Harry Howard

Personal information
- Full name: Henry Howard
- Date of birth: 1875
- Place of birth: Blackerhill, Yorkshire, England
- Date of death: 1957 (aged 81–82)
- Position: Wing half

Senior career*
- Years: Team / Apps / (Gls)
- 1895–1900: Sheffield United / 48 / (3)
- 1902–1906: Small Heath / Birmingham / 48 / (1)
- 1906–19??: Wisbech Town

= Harry Howard (footballer, born 1871) =

English footballer

Henry Howard (1875 – 1957) was an English professional footballer who played as a wing half. Born in Rotherham, he had trials with Rotherham Town and Sheffield Wednesday before joining Sheffield United, for whom he made 48 appearances in the Football League. He went on to play 51 games in all competitions for Small Heath.
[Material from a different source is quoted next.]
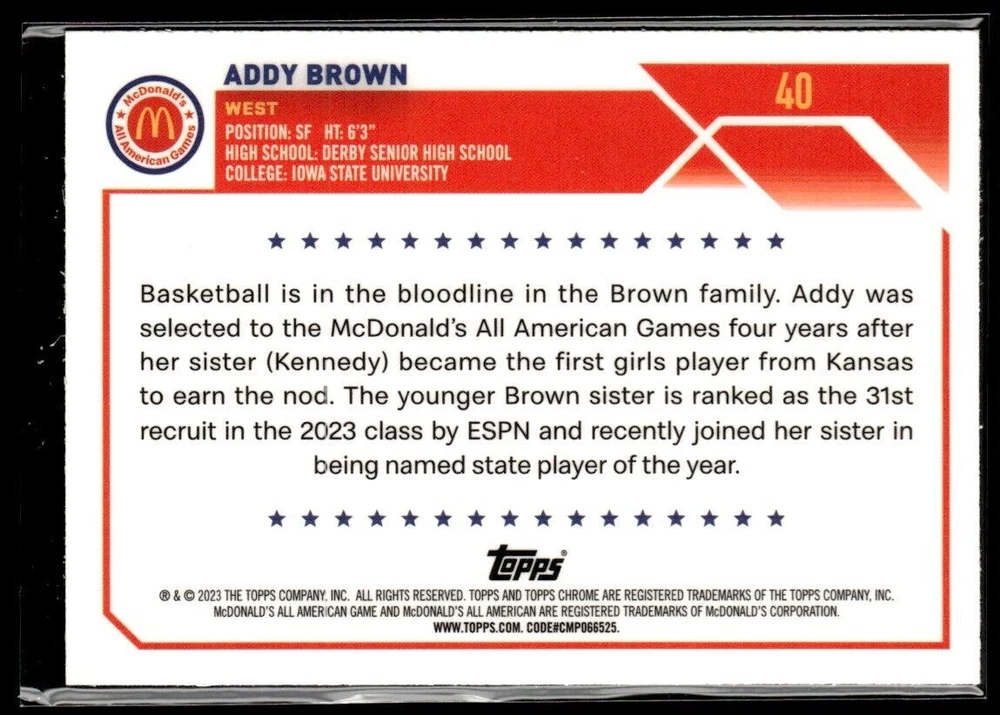 2023-24 TOPPS CHROME MCDONALD'S ALL AMERICAN ADDY BROWN MCDONALD'S #40

Harry was born in 1875 in Blackerhill, Yorkshire. He is the son of Joseph Howard and Hannah Hanson.
 Harry's birth was registered in the Jan-Feb-Mar quarter of 1875 in the Barnsley Union district.

Henry (age 29), son of Joseph Howard, married Ada Hollings (age 27), child of Israel Hollings, on 12 July 1904 in Worsbrough, Yorkshire (West Riding), England.

Harry's death (age 81) was registered in the Jan-Feb-Mar quarter of 1957 in the Barnsley district.